Senator McCain (R-Ariz.), the Republican presidential candidate, joined the U.S. Council for World Freedom’s board around the time he was first elected to the U.S. House of Representatives in 1982.

At the time, the group was distancing itself from the former Nazis and fascists who made up the international group with which it was affiliated, the World Anti-Communist League. McCain’s endorsement was a boon to the council, reportedly cited in a 1981 Anti-Defamation League report because of those international ties.

McCain first sought to distance himself from the group in 1984, when the council was named as involved in efforts to support the Contras, the right-wing militias in Nicaragua, The Associated Press said in a report Tuesday.
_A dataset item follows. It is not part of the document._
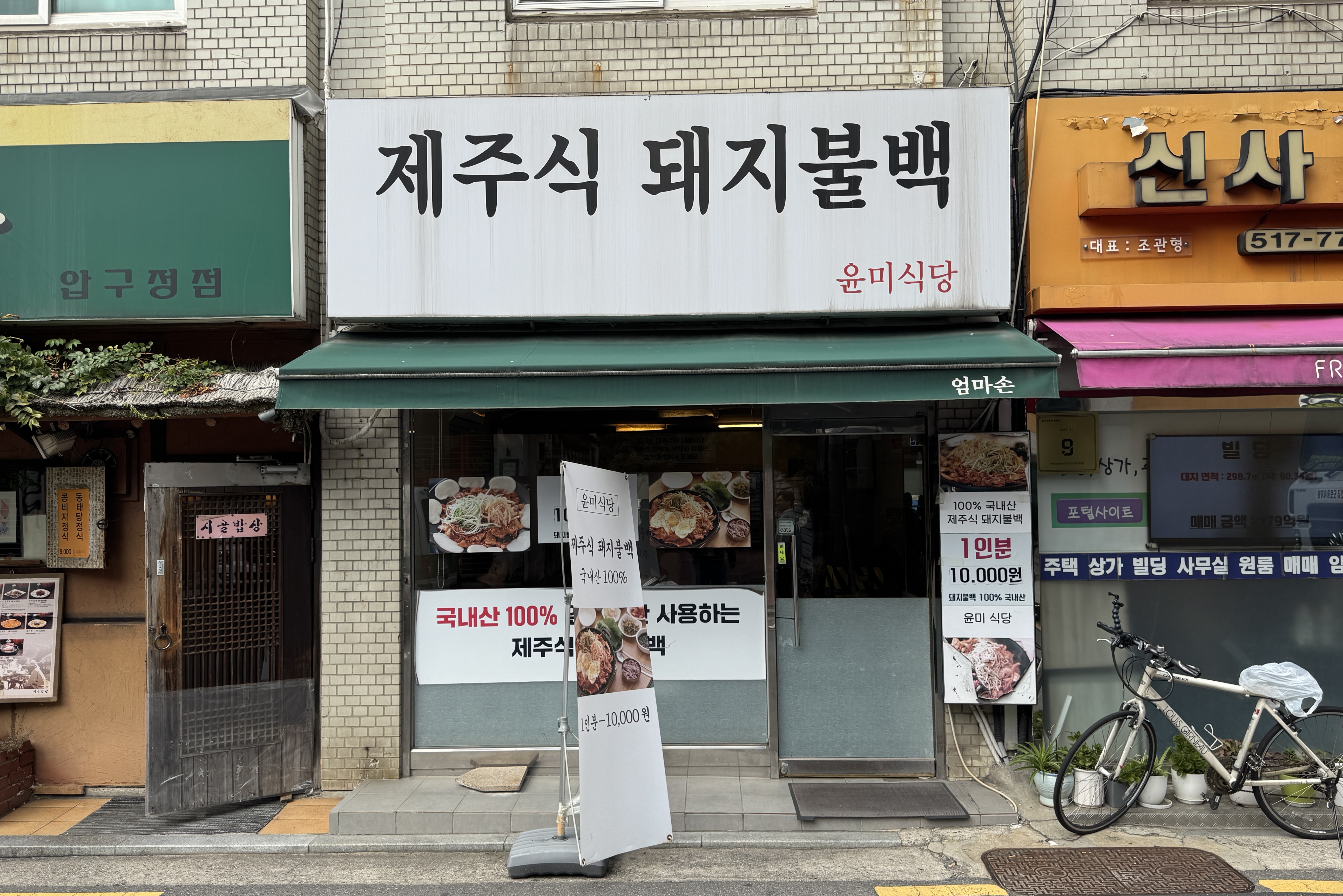 고기가 제주도에서 온 건지 확인은 할 수 없지만 간판이 '제주식 돼지불백'이다. 이곳 식사류는 딱 제육볶음만 있다. 보통 단일 메뉴로 음식을 내는 식당은 컨셉이거나 이 음식에 자부심이 있는 경우인데, 이 집은 확실히 후자다.

The McCain campaign supplied the AP with a letter he wrote that year resigning his position, but the group apparently did not take note.

It was later revealed that the council was acting as a front for the CIA in Nicaragua, and in 1986, McCain again asked the group to remove his name from its letterhead, and this time it complied, the AP reported. In the interim, however, McCain attended the group’s Freedom Fighter of the Year award ceremony in October 1985.
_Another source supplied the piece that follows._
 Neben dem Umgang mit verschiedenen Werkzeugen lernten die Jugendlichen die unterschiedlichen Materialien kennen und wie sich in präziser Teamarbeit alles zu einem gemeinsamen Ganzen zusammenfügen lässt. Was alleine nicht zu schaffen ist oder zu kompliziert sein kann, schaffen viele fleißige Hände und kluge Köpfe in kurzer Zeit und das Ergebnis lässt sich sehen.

A few months earlier, the group’s newsletter had derided opponents of Reagan’s decision to mark 40 years since the end of World War II with a visit to Bitburg, a German cemetery that includes the graves of members of Hitler’s notorious SS death squads. Jewish groups led the opposition to the visit.

“Those misguided souls who accused President Reagan of insensitivity for visiting the German cemetery at Bitburg are wallowing in years of pity over the past crimes of the Nazi regime which collapsed over 40 years ago,” Robert Goldsborough writes in the newsletter, in a facsimile obtained Tuesday by the Washington Post. “They want to keep the memory of the holocaust alive so that it can never happen again. Crocodile tears! It is happening again … and again, and again, right now, in the modern world; only the crimes of today are not being perpetrated by the Nazis but by their philosophical and demonical soul mates, the communists.”

It is not clear what role Goldsborough had with the group. According to the Washington Post, Goldsborough in a 1998 interview named the top four men who “controlled the world”: Whiskey magnate Edgar Bronfman, financier George Soros, then-Treasury Secretary Robert Rubin and then Federal Reserve Chairman Alan Greenspan. All are Jewish.